EXERCISE BRIEF: A faithful copy of every record is needed here. Images must not appear in it.

INFORMATION SHOWN:
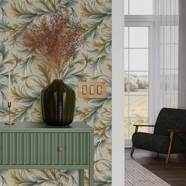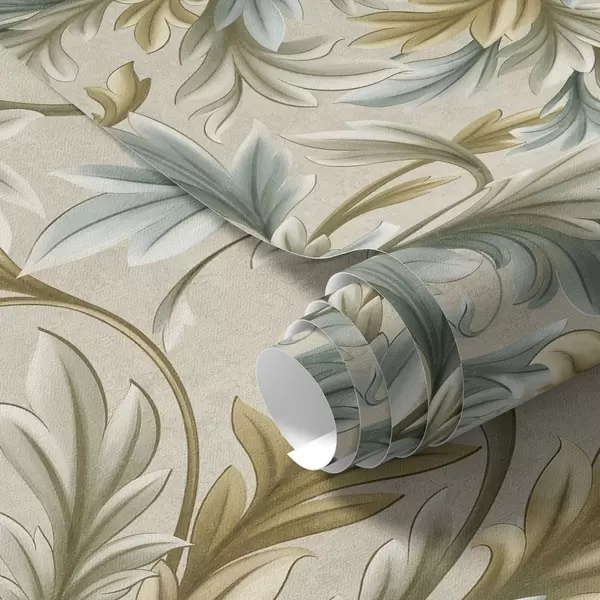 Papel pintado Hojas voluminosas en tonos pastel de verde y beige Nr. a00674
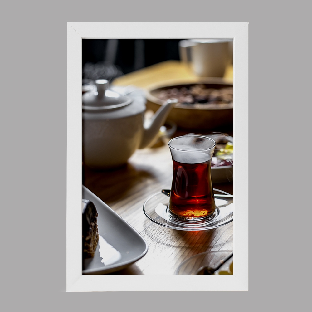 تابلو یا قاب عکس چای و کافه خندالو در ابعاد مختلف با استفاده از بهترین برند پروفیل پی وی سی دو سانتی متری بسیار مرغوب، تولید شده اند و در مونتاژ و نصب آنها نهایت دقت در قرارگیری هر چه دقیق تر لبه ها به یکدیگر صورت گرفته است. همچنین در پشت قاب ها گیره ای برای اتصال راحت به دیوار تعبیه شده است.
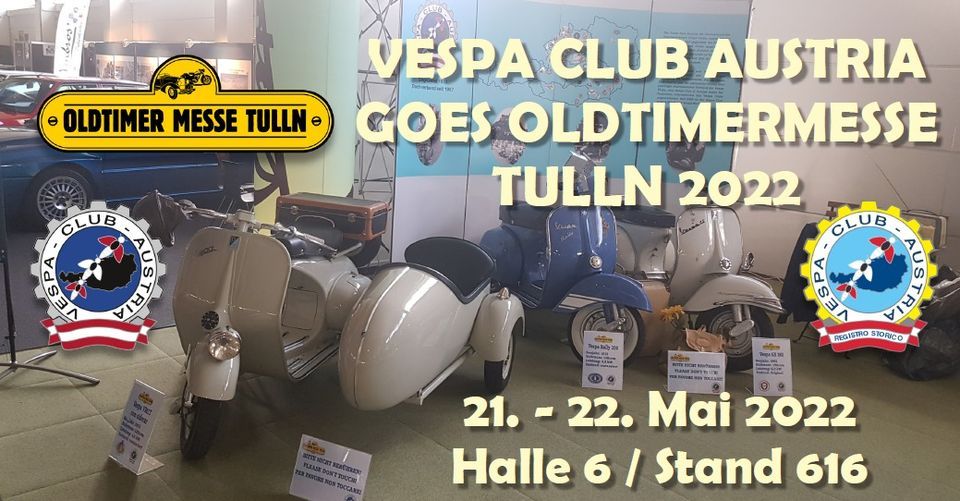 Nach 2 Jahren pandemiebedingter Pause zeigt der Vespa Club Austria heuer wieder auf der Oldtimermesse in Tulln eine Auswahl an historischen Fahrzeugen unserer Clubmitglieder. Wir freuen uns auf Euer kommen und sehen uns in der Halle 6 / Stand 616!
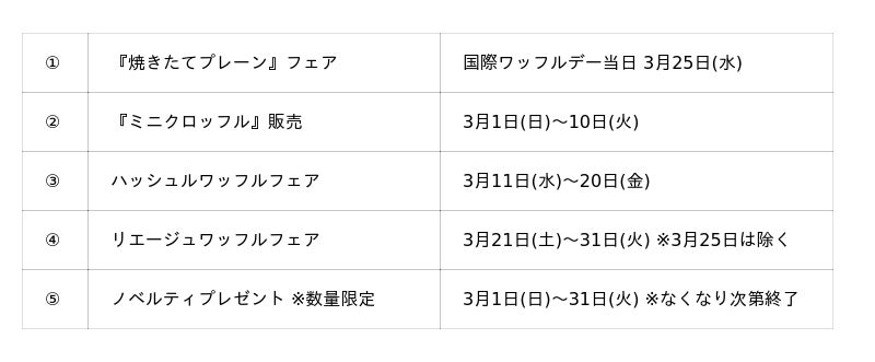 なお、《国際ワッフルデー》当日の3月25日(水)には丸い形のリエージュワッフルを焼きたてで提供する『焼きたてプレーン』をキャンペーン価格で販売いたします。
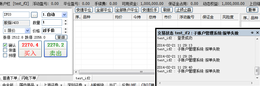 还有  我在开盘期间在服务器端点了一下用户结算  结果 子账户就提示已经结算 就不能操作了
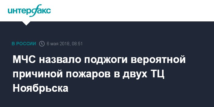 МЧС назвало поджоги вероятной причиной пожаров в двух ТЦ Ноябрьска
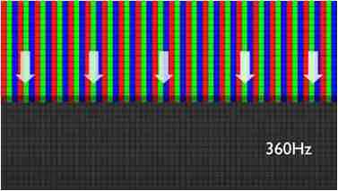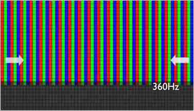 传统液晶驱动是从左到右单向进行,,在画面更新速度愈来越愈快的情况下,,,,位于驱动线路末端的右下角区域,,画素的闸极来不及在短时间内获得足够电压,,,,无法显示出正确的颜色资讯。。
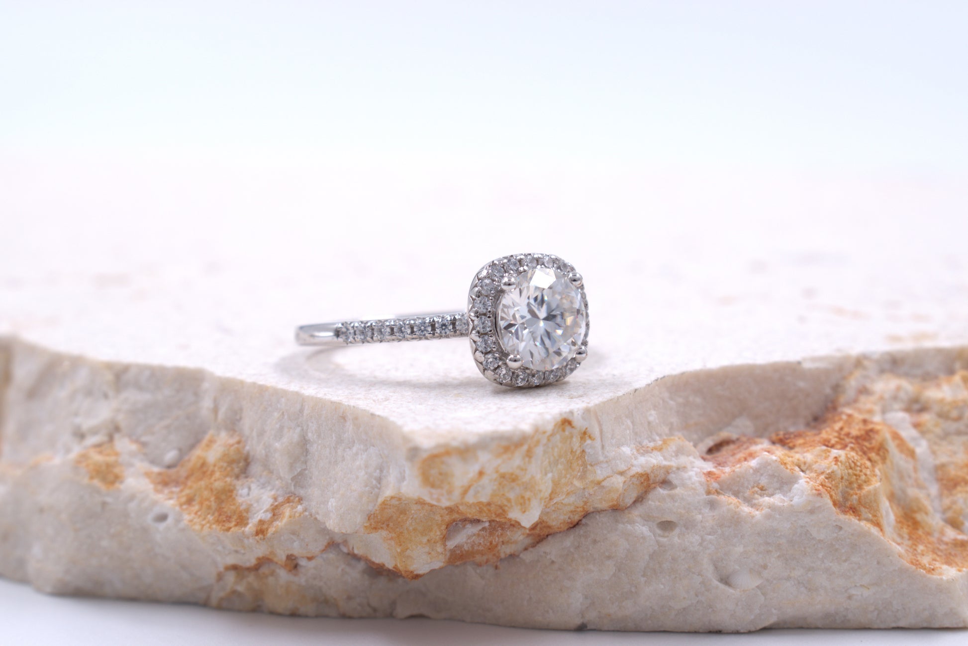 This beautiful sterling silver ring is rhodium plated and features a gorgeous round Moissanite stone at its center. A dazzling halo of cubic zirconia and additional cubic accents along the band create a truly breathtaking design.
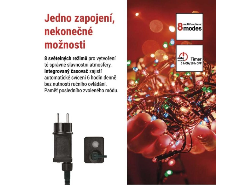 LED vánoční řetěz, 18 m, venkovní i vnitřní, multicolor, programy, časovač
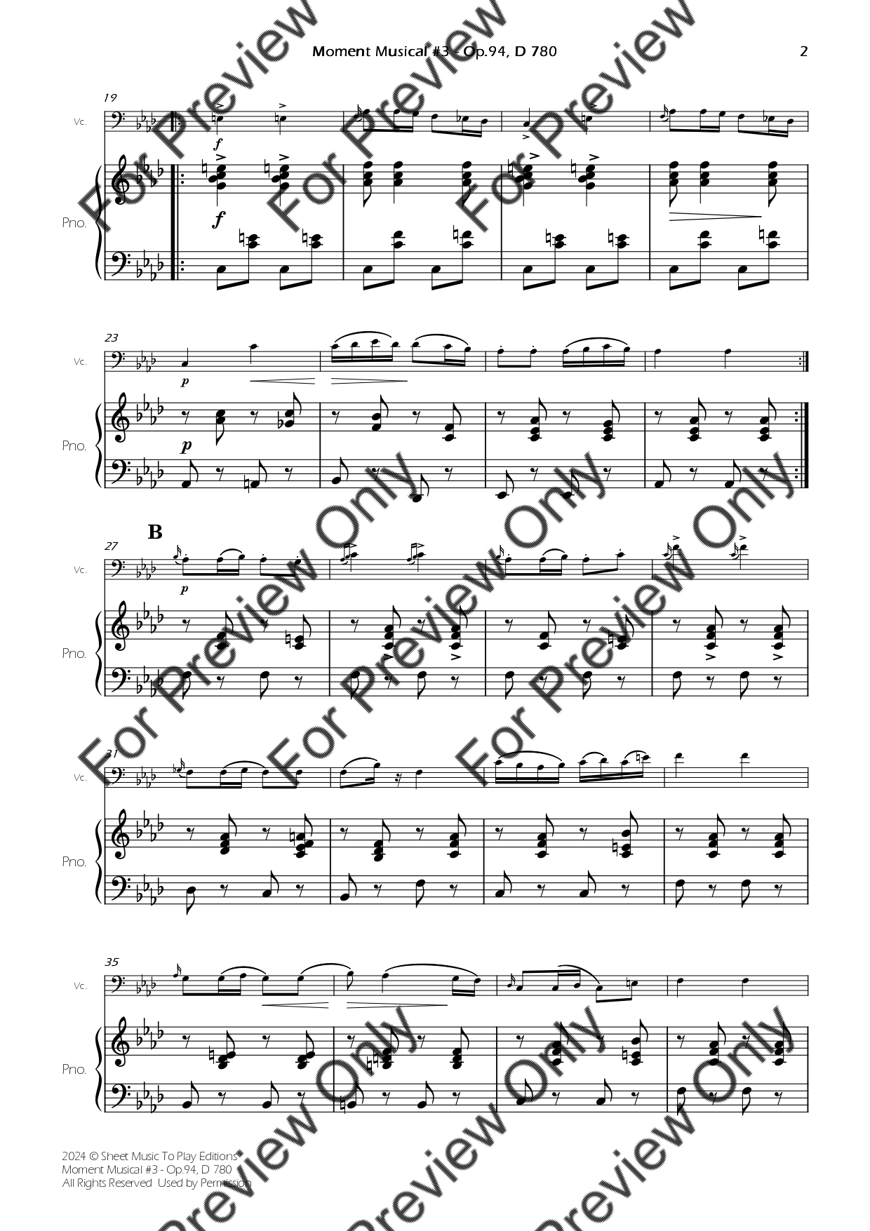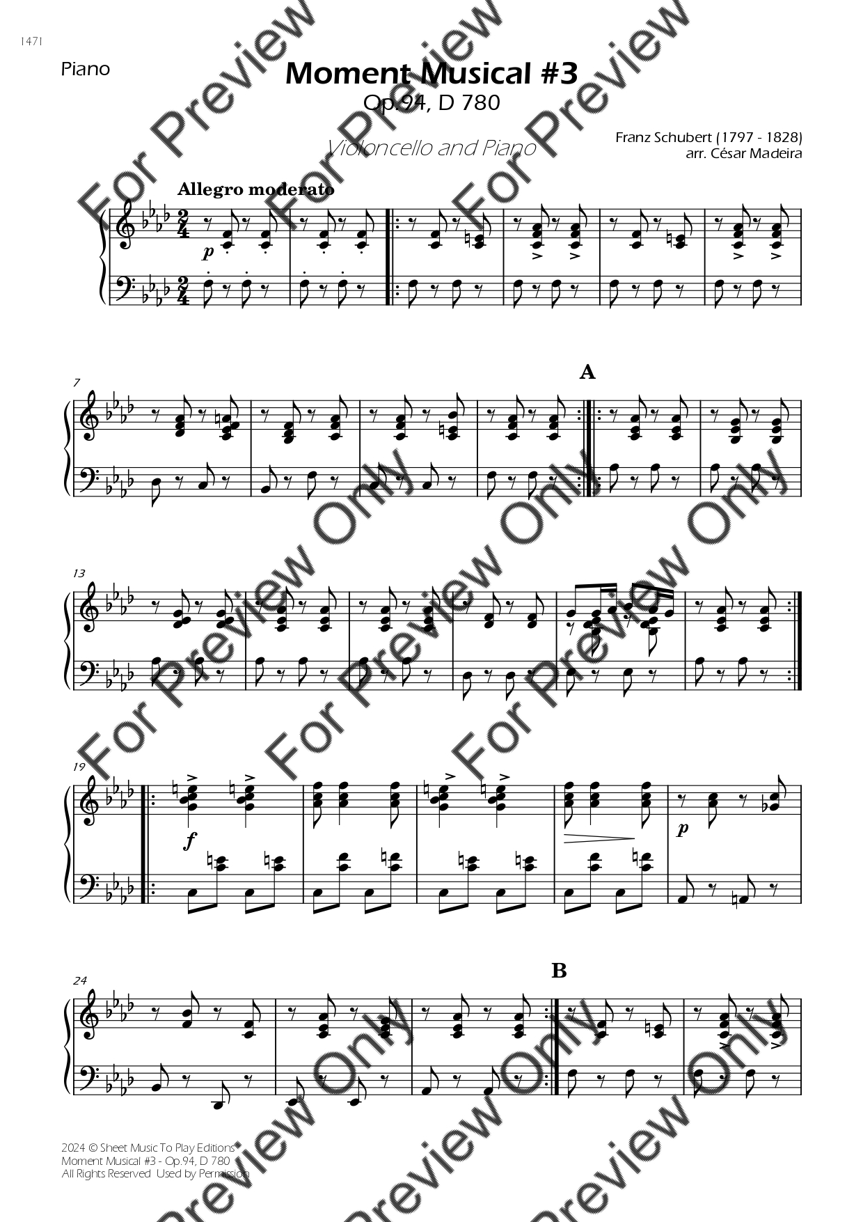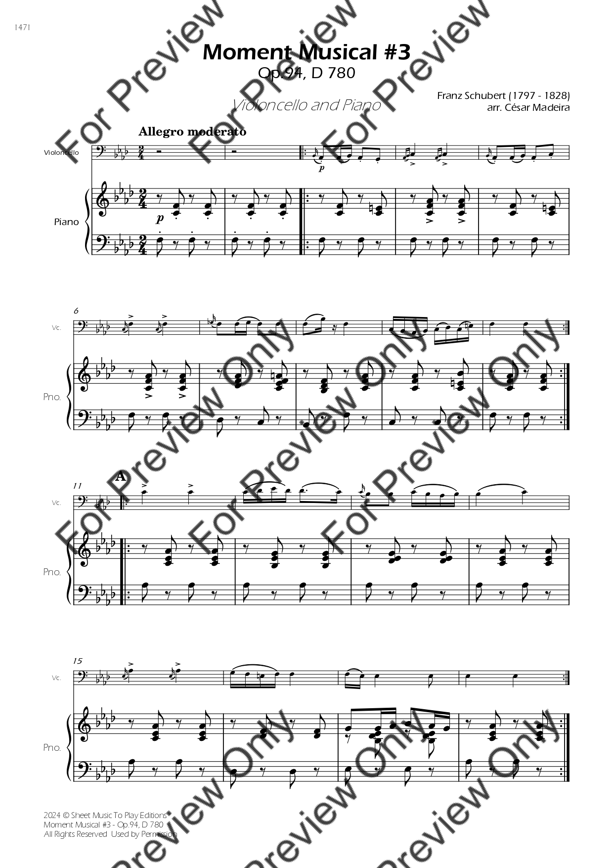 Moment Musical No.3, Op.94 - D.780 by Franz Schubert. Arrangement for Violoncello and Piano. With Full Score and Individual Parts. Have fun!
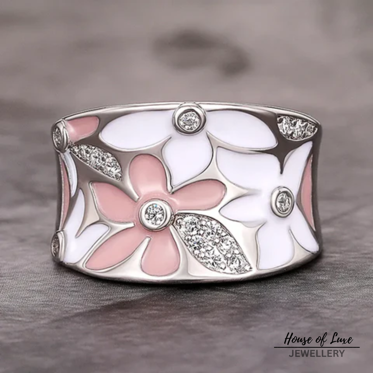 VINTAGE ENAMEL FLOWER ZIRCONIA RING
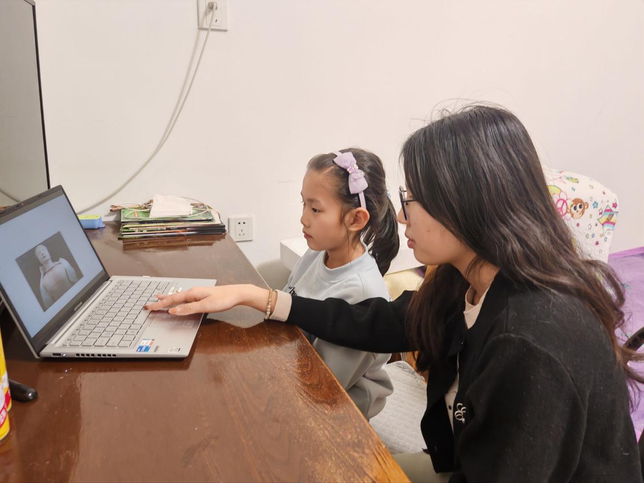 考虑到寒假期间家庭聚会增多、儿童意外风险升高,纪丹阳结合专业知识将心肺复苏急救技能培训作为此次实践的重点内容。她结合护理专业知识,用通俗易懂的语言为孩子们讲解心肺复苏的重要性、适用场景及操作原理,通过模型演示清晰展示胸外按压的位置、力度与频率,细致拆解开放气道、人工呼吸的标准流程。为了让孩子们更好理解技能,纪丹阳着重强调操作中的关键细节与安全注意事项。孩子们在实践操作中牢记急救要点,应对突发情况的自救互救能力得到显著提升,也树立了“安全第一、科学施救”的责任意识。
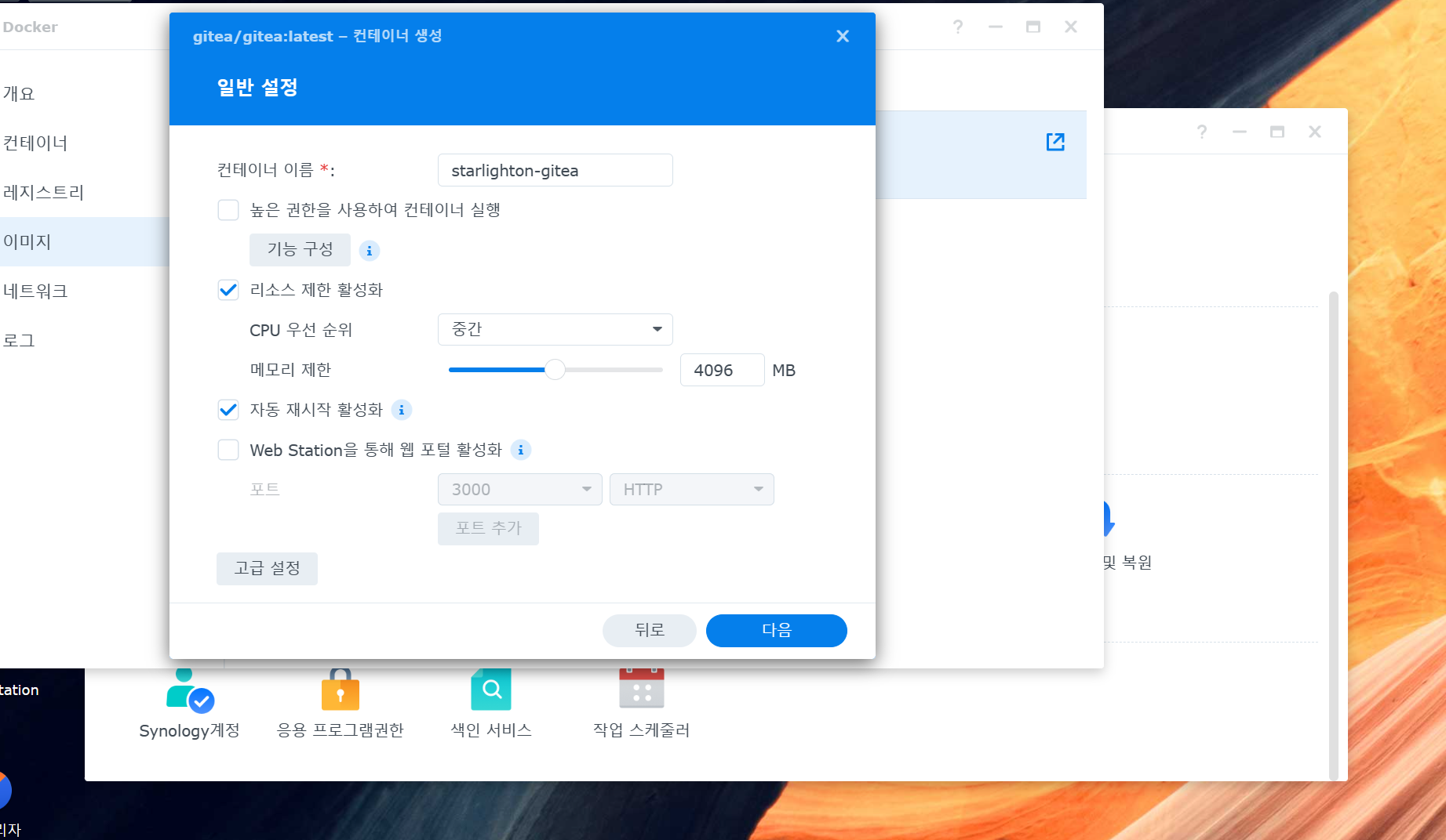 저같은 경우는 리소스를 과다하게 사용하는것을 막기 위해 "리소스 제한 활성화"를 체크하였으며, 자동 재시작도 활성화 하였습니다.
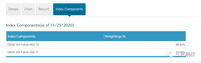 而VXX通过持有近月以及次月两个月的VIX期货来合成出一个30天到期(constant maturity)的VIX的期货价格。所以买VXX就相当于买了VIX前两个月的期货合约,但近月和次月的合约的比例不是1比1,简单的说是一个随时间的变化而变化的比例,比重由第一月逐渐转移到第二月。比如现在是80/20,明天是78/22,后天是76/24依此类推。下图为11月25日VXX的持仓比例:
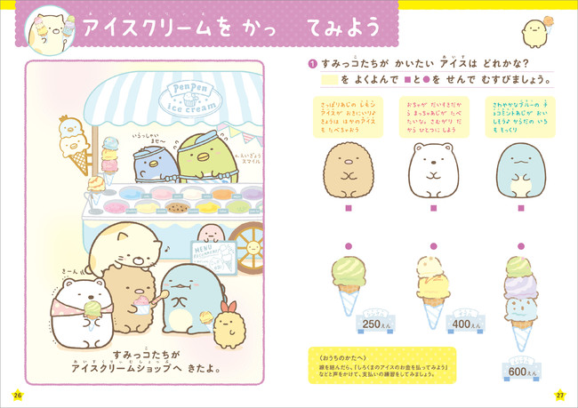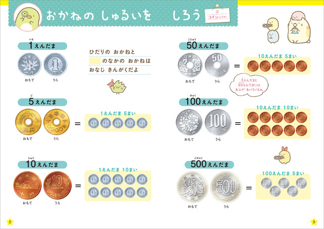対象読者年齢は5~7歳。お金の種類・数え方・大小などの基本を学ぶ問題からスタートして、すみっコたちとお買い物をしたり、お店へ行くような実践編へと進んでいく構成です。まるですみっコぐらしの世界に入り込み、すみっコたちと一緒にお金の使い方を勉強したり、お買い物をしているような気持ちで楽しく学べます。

OUTPUT FOR THIS TASK:
 Papel pintado Hojas voluminosas en tonos pastel de verde y beige Nr. a00674
 تابلو یا قاب عکس چای و کافه خندالو در ابعاد مختلف با استفاده از بهترین برند پروفیل پی وی سی دو سانتی متری بسیار مرغوب، تولید شده اند و در مونتاژ و نصب آنها نهایت دقت در قرارگیری هر چه دقیق تر لبه ها به یکدیگر صورت گرفته است. همچنین در پشت قاب ها گیره ای برای اتصال راحت به دیوار تعبیه شده است.
 Nach 2 Jahren pandemiebedingter Pause zeigt der Vespa Club Austria heuer wieder auf der Oldtimermesse in Tulln eine Auswahl an historischen Fahrzeugen unserer Clubmitglieder. Wir freuen uns auf Euer kommen und sehen uns in der Halle 6 / Stand 616!
 なお、《国際ワッフルデー》当日の3月25日(水)には丸い形のリエージュワッフルを焼きたてで提供する『焼きたてプレーン』をキャンペーン価格で販売いたします。
 还有  我在开盘期间在服务器端点了一下用户结算  结果 子账户就提示已经结算 就不能操作了
 МЧС назвало поджоги вероятной причиной пожаров в двух ТЦ Ноябрьска
 传统液晶驱动是从左到右单向进行,,在画面更新速度愈来越愈快的情况下,,,,位于驱动线路末端的右下角区域,,画素的闸极来不及在短时间内获得足够电压,,,,无法显示出正确的颜色资讯。。
 This beautiful sterling silver ring is rhodium plated and features a gorgeous round Moissanite stone at its center. A dazzling halo of cubic zirconia and additional cubic accents along the band create a truly breathtaking design.
 LED vánoční řetěz, 18 m, venkovní i vnitřní, multicolor, programy, časovač
 Moment Musical No.3, Op.94 - D.780 by Franz Schubert. Arrangement for Violoncello and Piano. With Full Score and Individual Parts. Have fun!
 VINTAGE ENAMEL FLOWER ZIRCONIA RING
 考虑到寒假期间家庭聚会增多、儿童意外风险升高,纪丹阳结合专业知识将心肺复苏急救技能培训作为此次实践的重点内容。她结合护理专业知识,用通俗易懂的语言为孩子们讲解心肺复苏的重要性、适用场景及操作原理,通过模型演示清晰展示胸外按压的位置、力度与频率,细致拆解开放气道、人工呼吸的标准流程。为了让孩子们更好理解技能,纪丹阳着重强调操作中的关键细节与安全注意事项。孩子们在实践操作中牢记急救要点,应对突发情况的自救互救能力得到显著提升,也树立了“安全第一、科学施救”的责任意识。
 저같은 경우는 리소스를 과다하게 사용하는것을 막기 위해 "리소스 제한 활성화"를 체크하였으며, 자동 재시작도 활성화 하였습니다.
 而VXX通过持有近月以及次月两个月的VIX期货来合成出一个30天到期(constant maturity)的VIX的期货价格。所以买VXX就相当于买了VIX前两个月的期货合约,但近月和次月的合约的比例不是1比1,简单的说是一个随时间的变化而变化的比例,比重由第一月逐渐转移到第二月。比如现在是80/20,明天是78/22,后天是76/24依此类推。下图为11月25日VXX的持仓比例:
対象読者年齢は5~7歳。お金の種類・数え方・大小などの基本を学ぶ問題からスタートして、すみっコたちとお買い物をしたり、お店へ行くような実践編へと進んでいく構成です。まるですみっコぐらしの世界に入り込み、すみっコたちと一緒にお金の使い方を勉強したり、お買い物をしているような気持ちで楽しく学べます。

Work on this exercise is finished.